Intervention type	Procedure/Surgery
Primary outcome measure(s)	Vaginal anatomical outcomes (Anatomical assessments involved measuring vaginal hiatus and total vaginal length) measured using a Sims speculum to retract vaginal walls and enable direct visualization. The vaginal hiatus was recorded as the maximal transverse distance between the vaginal borders during a Valsalva maneuver, and total vaginal length was measured from the posterior fornix to the hymenal ring, with manual repositioning of point C or D when required. These measures were conducted at three specific time points. The baseline evaluation (EB) was performed before the first laser session.
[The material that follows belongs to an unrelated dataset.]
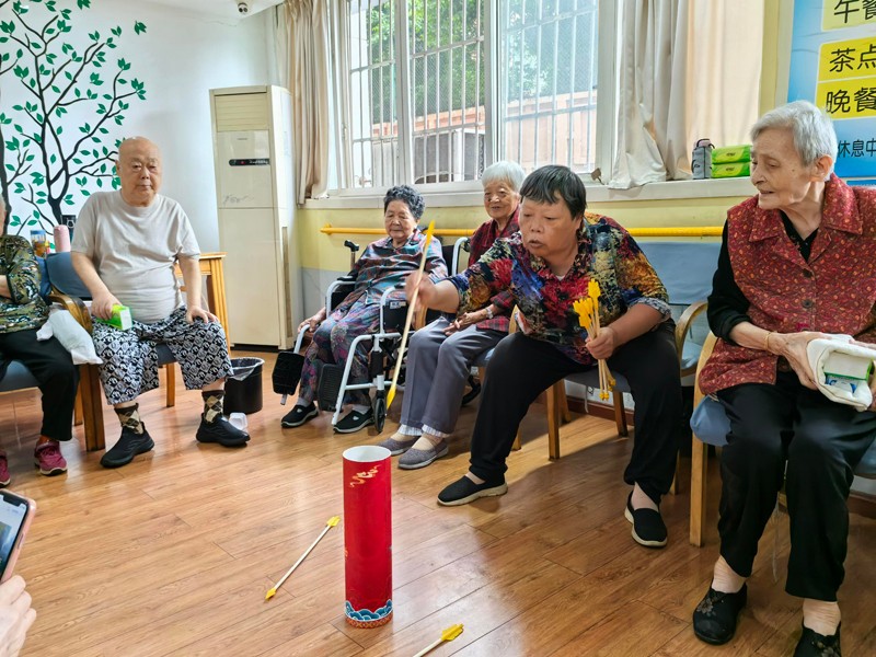 攀枝花德铭菩提养护院的中秋节庆祝活动同样丰富多彩,套圈、投壶等传统游戏让老人们玩得不亦乐乎。此外,养护院还特意为近期过生日的老人举办了生日会,让这份双重的喜悦更加浓厚。

The first follow-up (FU1) took place between 6 and 8 weeks after the initial treatment, while the second follow-up (FU2) was scheduled 6 to 8 weeks after the second laser session.
Key secondary outcome measure(s)	The following secondary outcome measures were assessed at the baseline evaluation (EB) before the first laser session, the first follow-up (FU1) between 6 and 8 weeks after the initial treatment, and the second follow-up (FU2) 6 to 8 weeks after the second laser session: 1. Sexual function measured using the Female Sexual Function Index (FSFI) 2. Incontinence severity measured using the International Consultation on Incontinence Questionnaire - Short Form (ICIQ-SF) 3. Quality of life measured using the Incontinence Quality of Life Questionnaire (I-QOL) 4. The pelvic floor strength measured using the Oxford Grading Scale for Pelvic Floor Muscle Strength
Completion date	25/01/2025

Eligibility

Participant type(s)	Patient
Age group	Mixed
Lower age limit	49.11 Years
Upper age limit	67.1 Years
Sex	Female
Target sample size at registration	47
Total final enrolment	47
Key inclusion criteria	1. Treated at the participating unit 2. Presented with clinical manifestations of GSM such as vaginal dryness, dyspareunia, a sensation of laxity, urinary incontinence, or sexual dysfunction 3. Written informed consent obtained before enrollment
Key exclusion criteria	1. Not having menopause or GMS 2. No written informed consent
Date of first enrolment	27/01/2024
Date of final enrolment	03/10/2024

Locations

Countries of recruitment

Spain

Study participating centre

RAPbarcelona

Avinguda Diagonal 263
Barcelona
08037
Spain

Results and Publications

Individual participant data (IPD) Intention to share	Yes
IPD sharing plan summary	Available on request
IPD sharing plan	The datasets generated and analysed during the current study will be available upon request from Prof Inés Ramírez García (inesrg@blanquerna.url.edu); type of data: all raw data; timing: not yet known; consent obtained: yes; anonymization: coded/anonymous; restrictions: none; additional comments: none.

Study outputs

Output type	Details	Date created	Date added	Peer reviewed?	Patient-facing?
Participant information sheet	Participant information sheet	11/11/2025	11/11/2025	No	Yes

Editorial Notes

27/08/2025: Study's existence confirmed by the Faculty of Health Sciences Blanquerna - Ramon Llull University Research Ethics Committee (CER)-FCSB, Spain.